-- Exercise prompt --
Look in the material below for the line holding "Тарифы на мониторинг". Set it down exactly, with each later line up to and including the line holding "Your small family".

-- Extracted information --

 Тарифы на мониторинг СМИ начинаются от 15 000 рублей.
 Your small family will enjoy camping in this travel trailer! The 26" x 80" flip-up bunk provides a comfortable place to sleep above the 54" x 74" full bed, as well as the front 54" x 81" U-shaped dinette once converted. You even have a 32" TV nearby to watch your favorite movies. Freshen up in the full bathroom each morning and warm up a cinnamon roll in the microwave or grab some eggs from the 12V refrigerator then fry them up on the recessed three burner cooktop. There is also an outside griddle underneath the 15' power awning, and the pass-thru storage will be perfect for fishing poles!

* * *

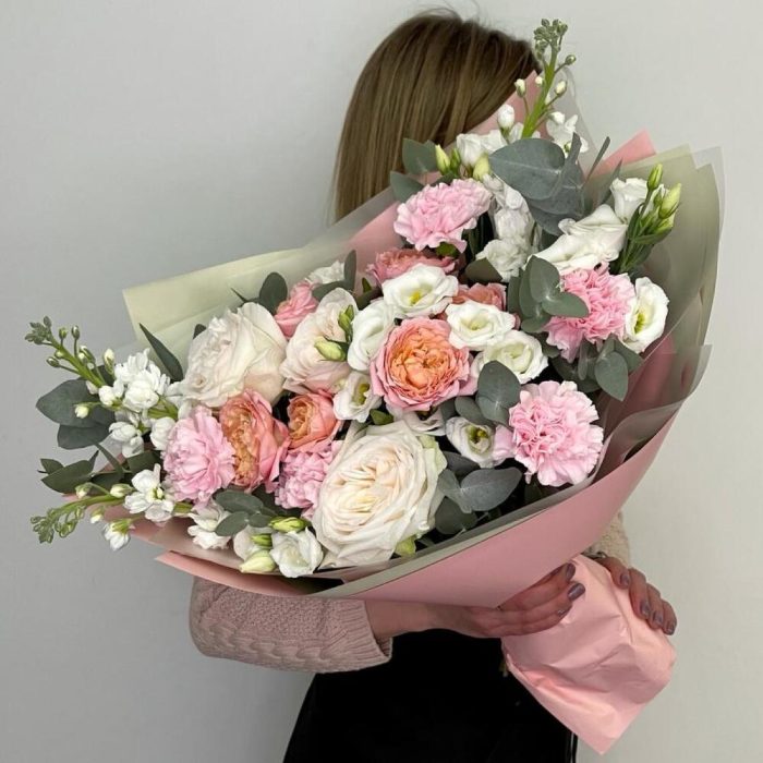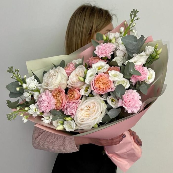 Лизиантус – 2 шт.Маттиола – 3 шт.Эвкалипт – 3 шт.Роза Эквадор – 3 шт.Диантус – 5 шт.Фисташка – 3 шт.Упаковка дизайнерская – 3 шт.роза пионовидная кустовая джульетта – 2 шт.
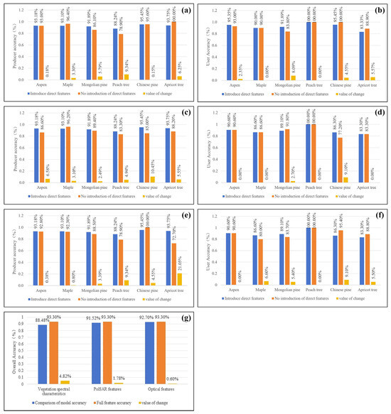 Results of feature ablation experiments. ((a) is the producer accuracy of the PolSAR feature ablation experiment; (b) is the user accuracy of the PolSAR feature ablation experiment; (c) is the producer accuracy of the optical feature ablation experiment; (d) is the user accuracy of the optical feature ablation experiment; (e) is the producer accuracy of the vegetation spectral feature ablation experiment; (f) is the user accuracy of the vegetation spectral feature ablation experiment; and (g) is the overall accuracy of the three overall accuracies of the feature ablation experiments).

-- Result below --
 Тарифы на мониторинг СМИ начинаются от 15 000 рублей.
 Your small family will enjoy camping in this travel trailer! The 26" x 80" flip-up bunk provides a comfortable place to sleep above the 54" x 74" full bed, as well as the front 54" x 81" U-shaped dinette once converted. You even have a 32" TV nearby to watch your favorite movies. Freshen up in the full bathroom each morning and warm up a cinnamon roll in the microwave or grab some eggs from the 12V refrigerator then fry them up on the recessed three burner cooktop. There is also an outside griddle underneath the 15' power awning, and the pass-thru storage will be perfect for fishing poles!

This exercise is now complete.